Micah J. Davis is an American college football wide receiver for the Southern Miss Golden Eagles. He is the son of Dexter Davis, a retired professional football player with the National Football League (NFL).

== Early life ==
Davis is a 2019 graduate of Harrison High School in Kennesaw, Georgia, where he played both baseball and football.

As a varsity baseball player, Davis was a shortstop and relief pitcher. In 2019, Harrison High School's baseball team was ranked #1 in 6-6A Region 9 of Georgia High School Association with a 15–1 record. They lost in game three of the semi-finals of the 2019 state baseball championship to defending champion, Pope High School. As a shortstop, Davis was ranked #23 in the state. He was a baseball player for three seasons. On, October 14, 2017, when he attended the Under Armor Showcase at Baseball Factory, the scouting report mentioned that he had just ran a 90-yard kick-off return for a touch down the previous night and ran a 60-yard dash in 6.68 seconds.

At Harrison, Davis was a captain of the varsity football team, and played both offense as a running back and defensive back like his father, Dexter. Davis earned Player of the Game awards at least eight times in his junior and senior seasons. Davis caught 38 passes for 10 touchdowns from Justin Fields, who was the quarterback at the time.

High School Football Awards
| Date | Award | Position | Opponent |
|---|---|---|---|
| Sept 5, 2017 | Player of the Game | Special Teams | River Ridge High School |
| Sept 17, 2017 | Player of the Game | Special Teams | Allatoona High School |
| October 6, 2017 | Player of the Game | Offense | Sprayberry High School |
| October 13, 2017 | Player of the Game | Special Teams | South Cobb |
| November 3, 2017 | Player of the Game | Special Teams | Creekview |
| November 10, 2017 | Player of the Game | Offense | Robert S. Alexander HS |
| August 31, 2018 | Player of the Game | Special Teams | River Ridge High School |
| Sept 7, 2018 | Player of the Game | Special Teams | South Cobb HS |

On November 16, 2018, he scored a 33-yard touchdown against Lanier High School During his senior season 2018–2019, Davis played in eight games and had a total of 1,038 total yards, with an average of 129.8 yards per game.

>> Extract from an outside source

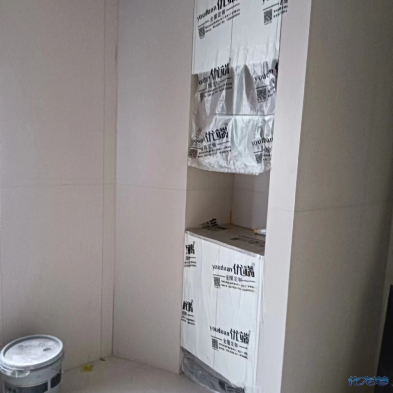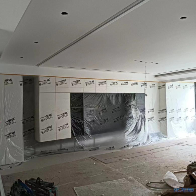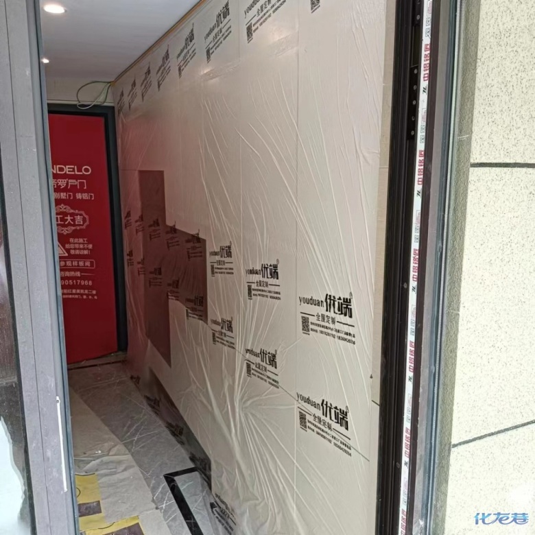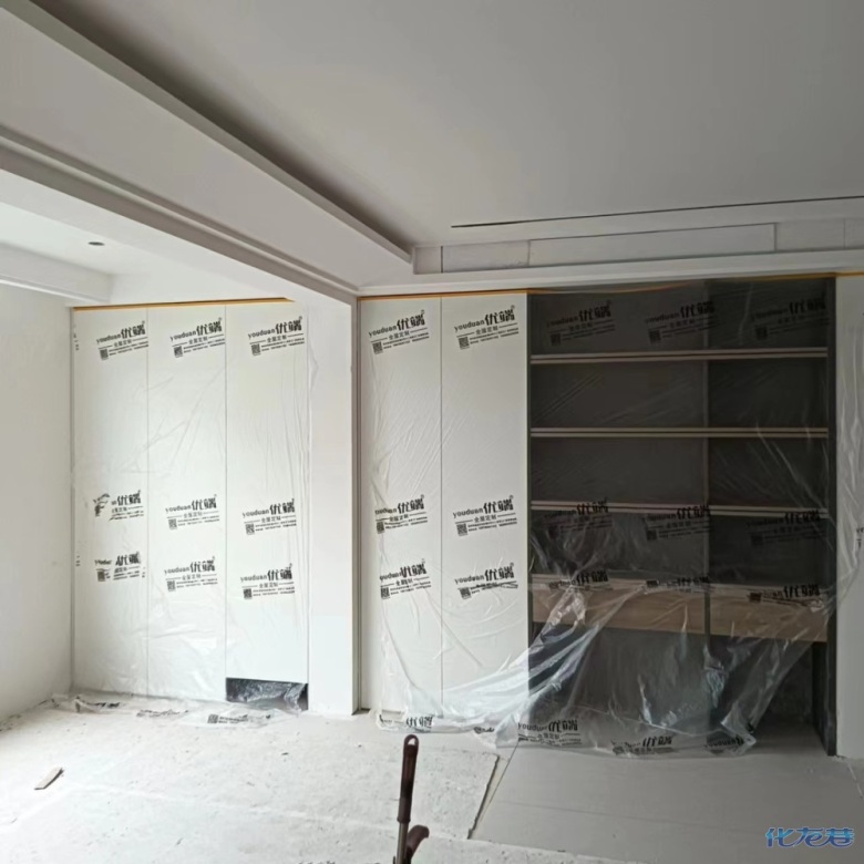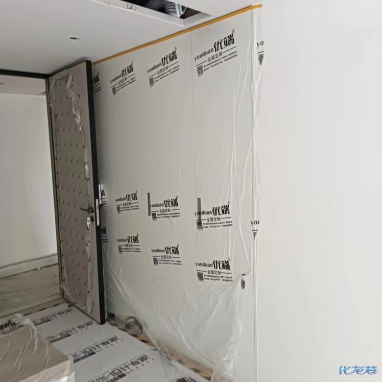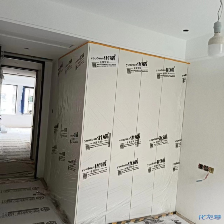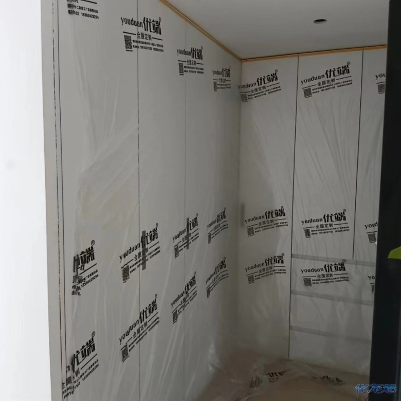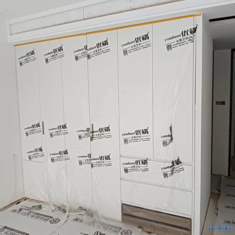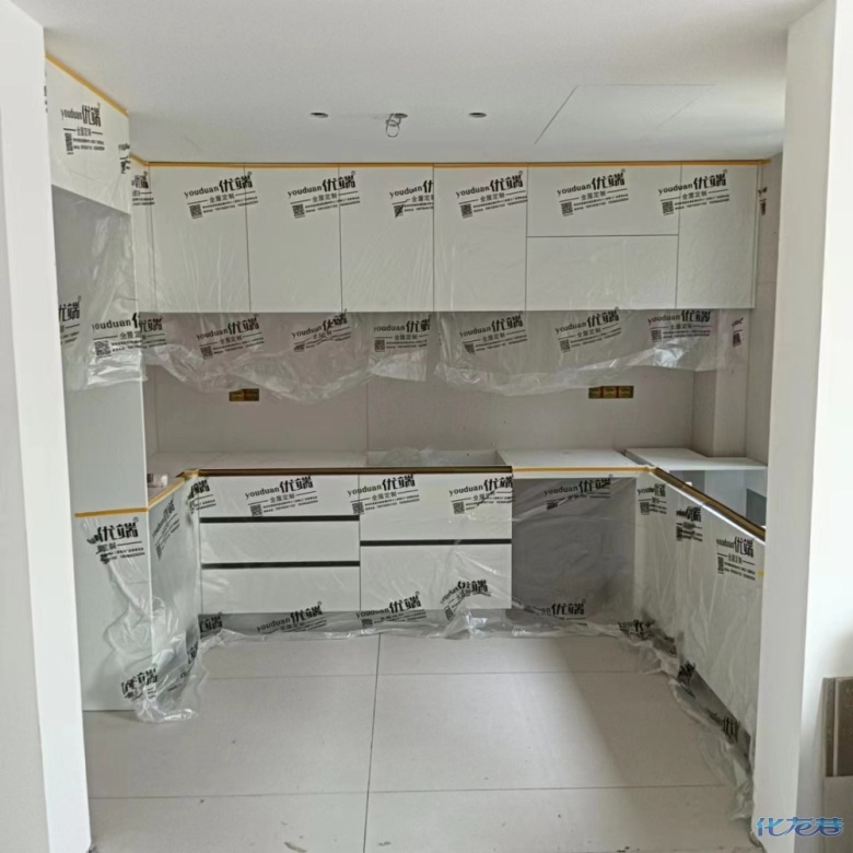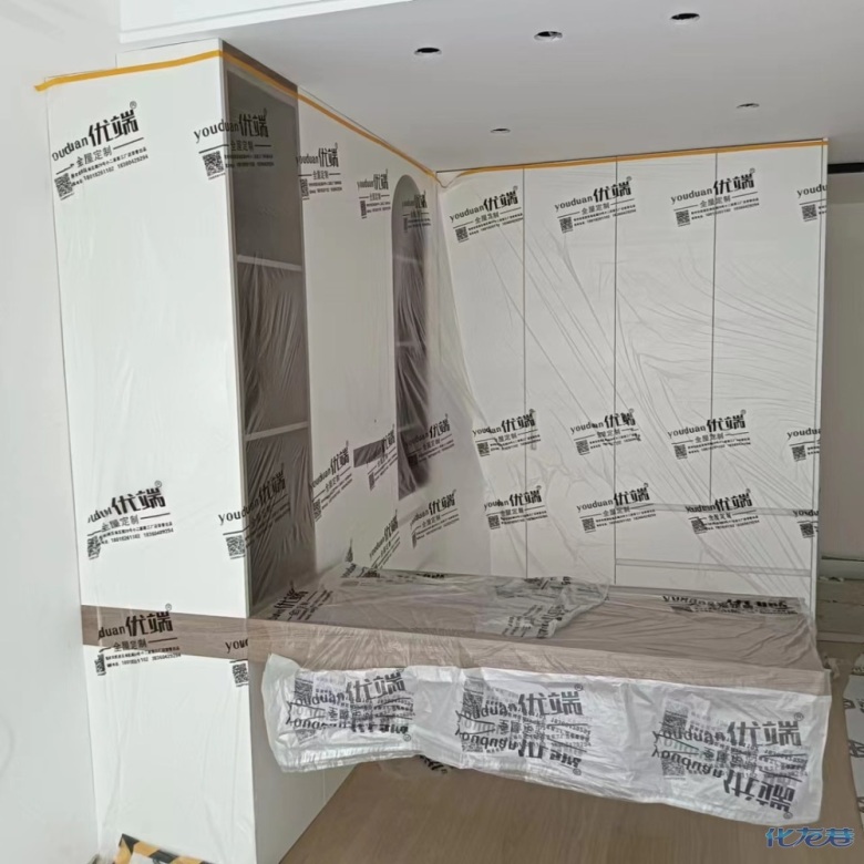 安裝完成的柜子都用塑料膜保護起來了
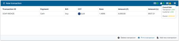 Running the customer's name through a Politically Exposed Persons list, does not provide any matches, hence the transaction is flagged as medium risk due to certain risk factors (cash, foreign country risk and large amount), but it can still be recorded and saved in the system.

Out of only eight games that season he had 333 rushing yards, and 664 receiving yards and a total of 12 touchdowns.

== College career ==
Upon graduation, Davis attended the US Air Force Academy in Colorado, and majored in business administration and played wide receiver from 2020 to 2021. As a second-year player, Davis gathered 581 yards in total offense from 57 attempts, comprising 47 rushes and 10 receptions. He found the end zone six times and achieved over 100 yards in three of Air Force's initial four games. However, his playing time was curtailed by injuries, restricting him to eight games.

In 2022, Davis transferred to Iowa Western Community College, where he averaged 24.1 yards for 33 receptions and two touchdowns. He also amassed a total of 289 yards for the season.

In 2023, Davis transferred to Utah State University, where he averaged 17.4 yards for 36 receptions and six touchdowns. He also amassed a total of 628 yards for the season. He led the country with 28 punt returns.

In 2024, Davis entered the transfer portal after the firing of Utah’s coach Blake Anderson.

AWARDS:

- Honorable Mention All-Mountain West - Wide Receiver (2023)
- Honorable Mention All Mountain West - Punt Returner (2023)

== Personal life ==
Davis is the son of LaShea and Dexter Davis a former defensive back in the National Football League.